───── Supplied material ─────

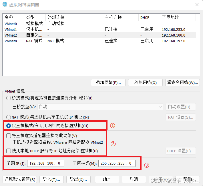 ① 在VMware菜单中,点击 “编辑->虚拟网络编辑器”,点击右下角 “更改设置”,为其提供管理员权限。在虚拟网络编辑器中,点击 “添加网络”,选择一个未被使用的网络(如VMnet2),按下图配置该网络,并指定网段(如192.168.100.0/24)。
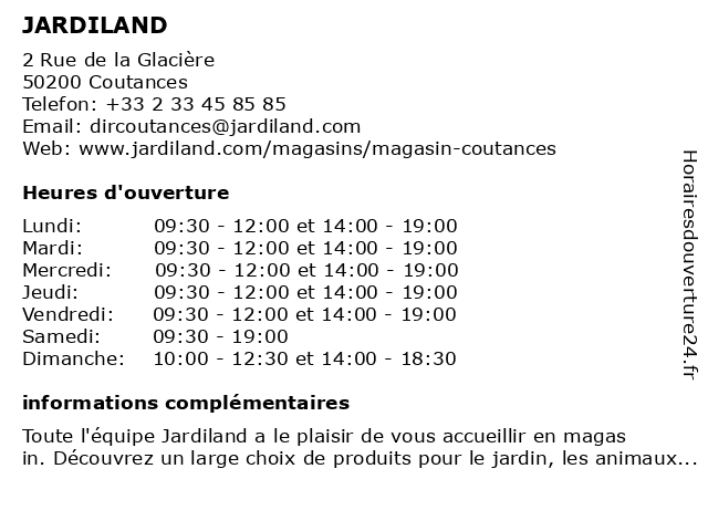 | Dimanche | 10:00-12:30 et 14:00-18:30 |
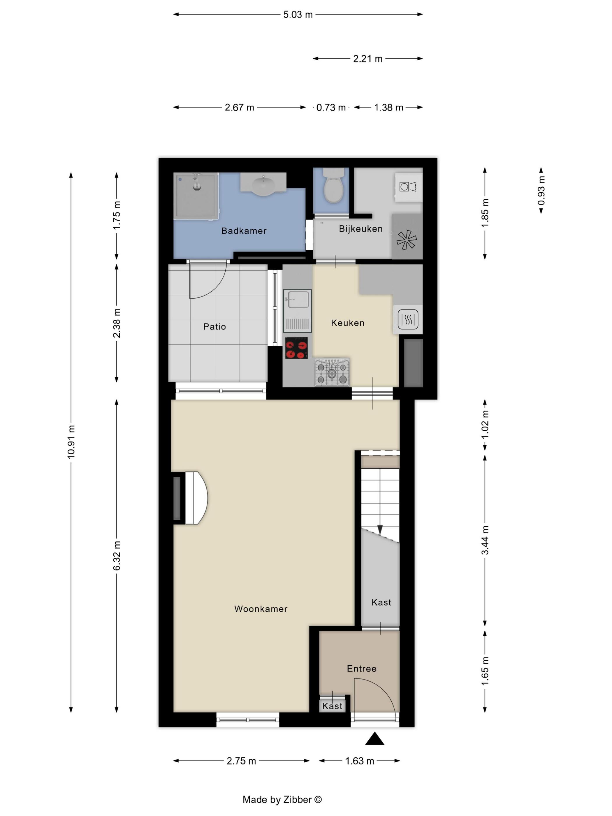 De woning beschikt over een inkomhal met bergkast, een gezellige leefruimte, aparte keuken, badkamer en een kleine buitenkoer die voor extra lichtinval zorgt. Op de eerste verdieping bevinden zich twee slaapkamers en extra bergruimte. De zolderverdieping biedt uitbreidingsmogelijkheden voor een derde slaapkamer of multifunctionele ruimte. Dit huis laat veel ruimte voor persoonlijke inrichting en eigen stijl.
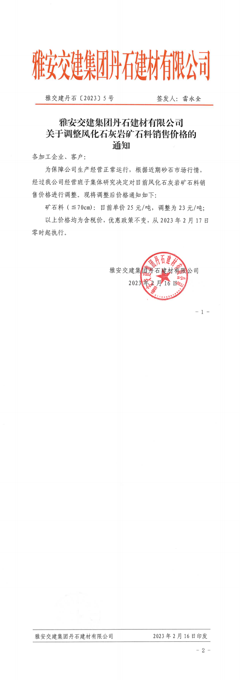 雅交建丹石(2023)5號調(diào)整風(fēng)化石灰?guī)r礦料銷售價格的通知(2023.02.16)
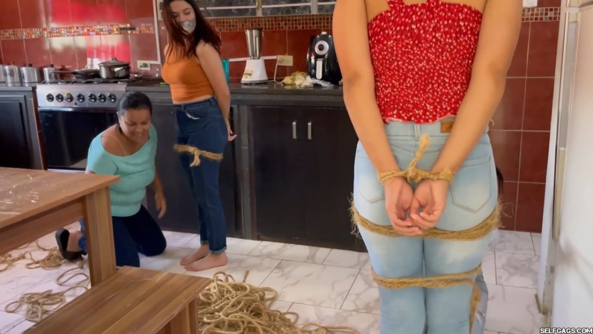 3 women (Khloe, Xandra & Laika Labado) are bound and gagged with rope and ballgags. The muzzled bondage chicks are hogtied helpless and have clear tape wrapped over their foreheads to the back of their bare feet. The gagged ladies squirm as an escape attempt, but it is all just futile struggles! From SELFGAGS studio on Clips4sale.

─────

About this task = With the pictures removed, repeat the listing above exactly as it stands.

Answer box =
 ① 在VMware菜单中,点击 “编辑->虚拟网络编辑器”,点击右下角 “更改设置”,为其提供管理员权限。在虚拟网络编辑器中,点击 “添加网络”,选择一个未被使用的网络(如VMnet2),按下图配置该网络,并指定网段(如192.168.100.0/24)。
 | Dimanche | 10:00-12:30 et 14:00-18:30 |
 De woning beschikt over een inkomhal met bergkast, een gezellige leefruimte, aparte keuken, badkamer en een kleine buitenkoer die voor extra lichtinval zorgt. Op de eerste verdieping bevinden zich twee slaapkamers en extra bergruimte. De zolderverdieping biedt uitbreidingsmogelijkheden voor een derde slaapkamer of multifunctionele ruimte. Dit huis laat veel ruimte voor persoonlijke inrichting en eigen stijl.
 雅交建丹石(2023)5號調(diào)整風(fēng)化石灰?guī)r礦料銷售價格的通知(2023.02.16)
 3 women (Khloe, Xandra & Laika Labado) are bound and gagged with rope and ballgags. The muzzled bondage chicks are hogtied helpless and have clear tape wrapped over their foreheads to the back of their bare feet. The gagged ladies squirm as an escape attempt, but it is all just futile struggles! From SELFGAGS studio on Clips4sale.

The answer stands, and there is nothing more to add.